PROJECT SUMMARY/ABSTRACT Over 40 million children and adults in the US suffer from chronic pulmonary diseases including asthma, chronic bronchitis and obstructive pulmonary disease. Asthma alone accounts for 25 million cases, with prevalence increasing by 10% each decade. Combination inhaled corticosteroids (ICs) are the treatment of choice for the long-term management of breathing symptoms. Regrettably, ICs are also associated with voice disorders in up to 50% of cases. These disorders become chronic, impair communication, and have significant adverse occupational, financial, and psychosocial consequences. Given the prevalence of voice disorders associated with combination ICs since chlorofluorocarbon-propelled inhalers were banned in 2008, compelling clinical evidence necessitates a new research initiative to address this critical threat to public health. The long-term goal of this research program is to prevent and cure voice disorders associated with combination ICs across the lifespan. Children placed on inhalers face lifelong, possibly permanent communication impairment. Determining the pathophysiology of IC-related voice disorders is the critical next step to developing new voice-sparing asthma drugs. It is essential to determine the pathophysiology of voice disorders associated with combination ICs, to treat, reverse, and prevent these voice changes. This project accomplishes these objectives in 3 hypothesis-driven aims. Aim 1 determines structural laryngeal biomarkers of IC use associated with voice disorders in children and adults with the 2 most common phenotypes of asthma (high TH2 allergic and low TH2 primarily eosinophilic). Aim 2 quantifies voice disorder onset and reversibility for ICs versus sham using an in vivo animal model. Aim 3 examines the pathogenesis of IC-related voice disorders via examination of cytokines associated with inflammation (IL-1β, IL-6, TNF-α) from animal true vocal folds and human false vocal folds. Collectively, these aims define the pathophysiology associated with IC-related voice disorders, laying the foundation for voice disorder cure and prevention in this population. This translational project will have immediate and significant clinical implications, making a powerful and sustained impact in the field of communication disorders.

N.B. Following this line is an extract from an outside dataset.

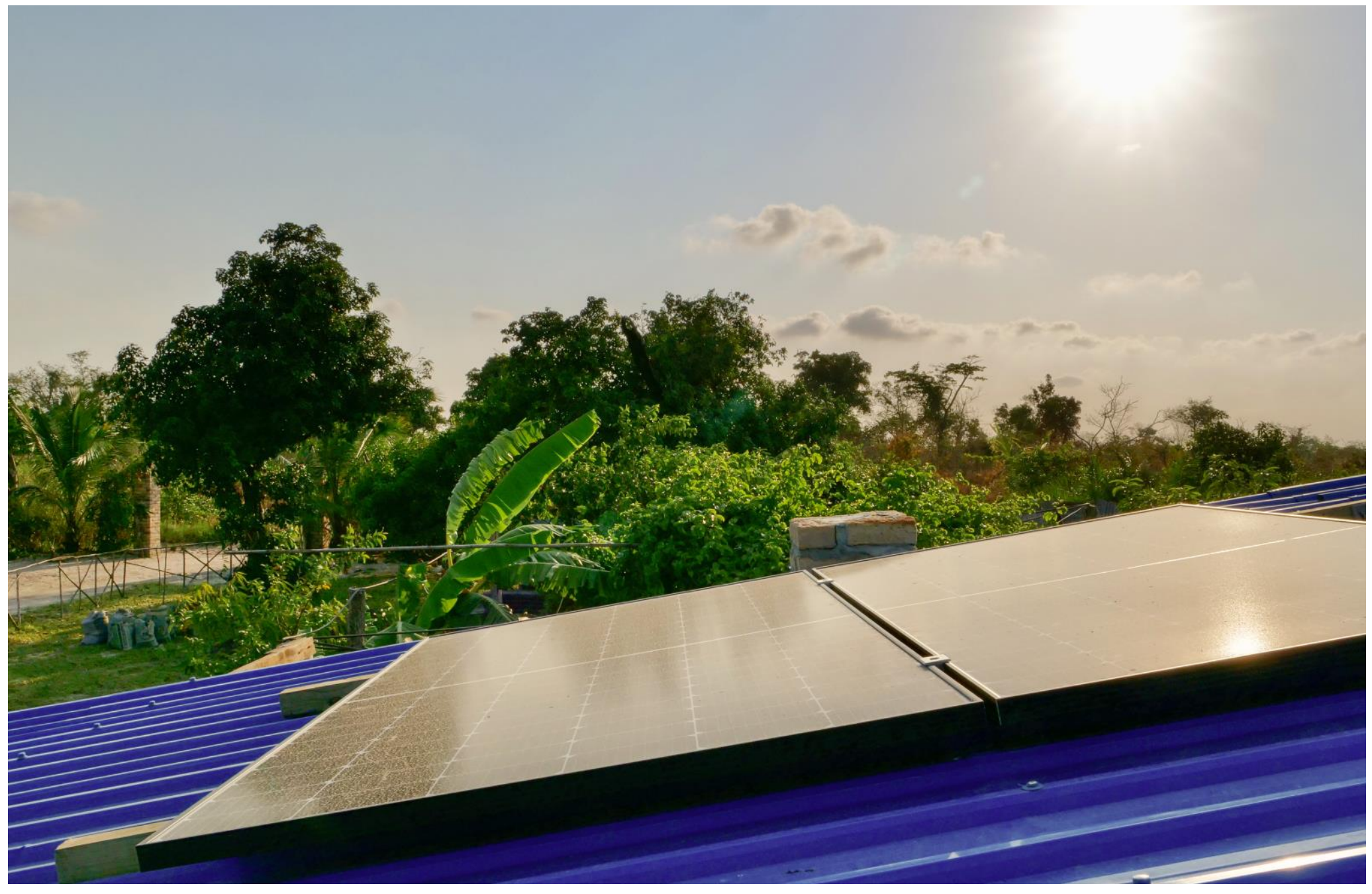
The sun, God's gift to make electrical power where there is no chance of getting access to the grid.

项目摘要/摘要 美国超过4000万儿童和成人患有慢性肺部疾病，包括哮喘，慢性 支气管炎和阻塞性肺部疾病。仅哮喘就占2500万例，患病率 每十年增加10％。遗传性皮质类固醇（ICS）是选择治疗 呼吸症状的长期治疗。遗憾的是，IC也与UP中的语音障碍有关 到50％的病例。这些疾病变为长期，损害沟通，并拥有大量广告 职业，财务和社会心理后果。鉴于与语音障碍相关的流行率 自2008年禁止使用氯氟化合物的遗传因素以来，ICS的组合。 必要的证据是一项新的研究计划，以应对对公共卫生的这一关键威胁。 该研究计划的长期目标是预防和治愈与 整个生命周期的组合。放在继承者面对终生的孩子，可能永久的 沟通障碍。确定与IC相关语音疾病的病理生理学是关键 开发新的语音哮喘药物的下一步。确定病理生理学至关重要 与组合相关的语音障碍，以治疗，逆转和防止这些声音变化。这 项目以3个假设驱动的目的实现了这些目标。 AIM 1确定结构性喉 IC的生物标志物与2个最常见的儿童和成人中的语音障碍有关 哮喘的表型（高Th2过敏和低Th2原发性嗜酸性粒细胞）。目标2量化语音障碍 使用体内动物模型的IC与假手术的发作和可逆性。 AIM 3检查了 通过检查与注射（IL-1β，IL-6，TNF-α）相关的IC相关语音疾病 动物真实的声带和人类虚假的声带。这些目的共同定义了病理生理学 与IC相关的语音障碍相关，为此奠定了语音障碍的基础 人口。这个翻译项目将具有直接和重大的临床意义，使得 在沟通障碍领域的强大而持续的影响。